Decade Boxを作るまで、その1

電子工作をやっていてつらいと思うことは、パラメーターをサクッと変えられないことだ。プログラミングならば数字をその場でちょこっとなんてのは、タイピングで数秒もかからない作業だ。(どこにそのパラメーターが設定されているかを探すのが大変だったりもするが)

前回までの流れで基本的なAMラジオは作ることができたが、さらに研究してみたいと思った時に手持ちの札があまりにも足りてないことに気付かされた。一番面倒なコイルのパラメーター以外にも、可変コンデンサや抵抗、ダイオードなどの様々なパラメーターが絡んでくる。ワニクリップ 式デバッグ、ブレッドボード式デバッグも大して効率よくないのではないのかと思い知らされる。つまり電子工作をやっていると、面倒な配線の切り替え作業に翻弄されてしまうのだ。

例えば100kΩを500kΩにしてみたいというケース。

当然1MΩを並列にすれば500kΩになるので楽勝ではあるが、まずは1MΩの抵抗を探さなければならないという手間、管理的な問題がネックになる。さらに1MΩを並列にする作業の手間もかかる。ブレッドーボードでやっていれば比較的簡単だろうか?いやいや、穴の位置を間違えないように相当な神経を使うはずだ。ワニクリップ 式デバッグで大体済ませている私なんかは、抵抗をねじねじして「接触不良しないでね」って祈りをこめながらワニクリップ に挟むことになるだろう。懸命な方は、一度半田付けして確実に500Ω確定抵抗とするかもしれない。しかしこれらも一度や二度のことなら耐えられるが、毎度のこととなるとやってらんない。「面倒くセー」ってなって投げ出してしまうだろう。

料理だと仕込みができていない状態。

こんな問題を解決したくて、たどり着いた案がディケイドボックス(Decade Box)。「Decade box resistor」でググれば楽しい画像がいろいろ出てくる。要は可変抵抗。
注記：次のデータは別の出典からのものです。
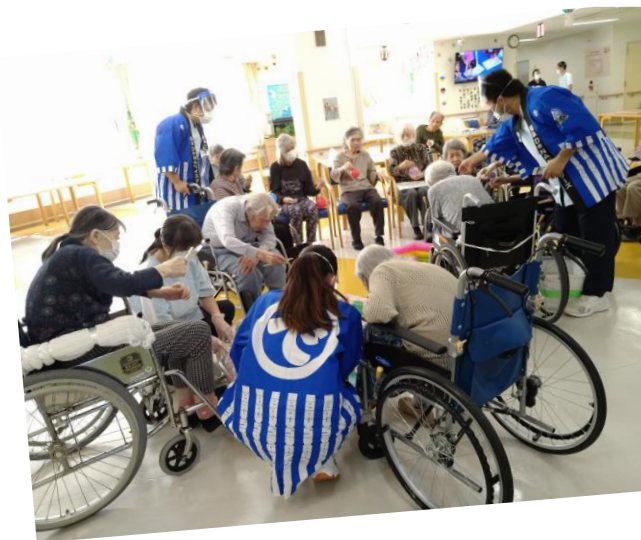
👉 納涼祭 👈

きっとプロたちはこういうの使ってるんだろうなぁ。しかし、うん万円すのは馬鹿馬鹿しい。ボリューム抵抗連結すれば1000円程度で作れてしまう。ただ、ボリューム抵抗だと正確な数値の読み取りにテスタを使うはめになりこれまた一手間かかってしまう。本末転倒な気がするので、既製品を参考にロータリースイッチ式のDecade Boxを作ってみようかと考案しているところだ。
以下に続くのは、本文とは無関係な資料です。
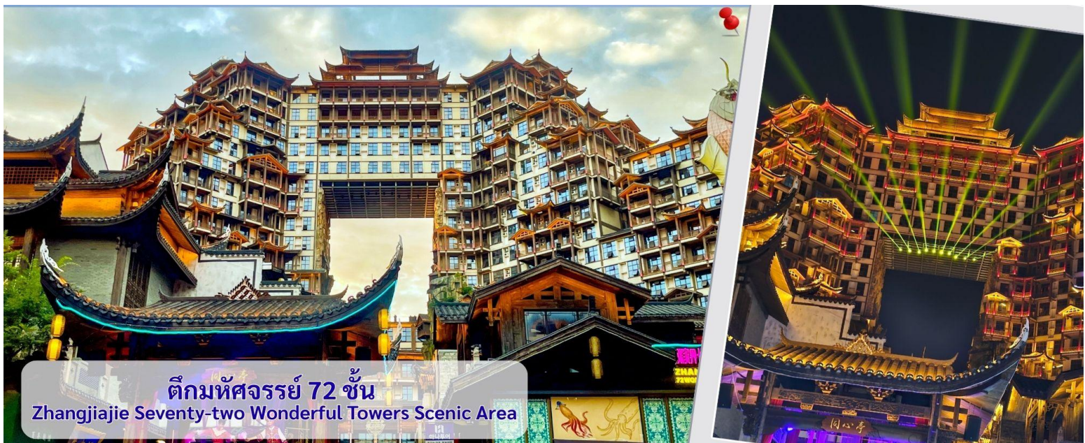
ตึกมหัศจรรย์ 72 ชั้น Zhangjiajie Seventy-two Wonderful Towers Scenic Area

เที่ยง 📍 รับประทานอาหารเที่ยง ณ ภัตตาคาร (10)

抵抗は直列に繋げば10単位の桁上げができる。コンデンサなら並列につなげればよい。

ちなみに耳慣れないDecadeという言葉は「10年間」という意味らしい。インタフェースからの命名、なるほど納得。decimalとかdBとかの仲間である。12月のDecemberも元々は10月の意味だったんだよね(ギリシア人から聞いた話)。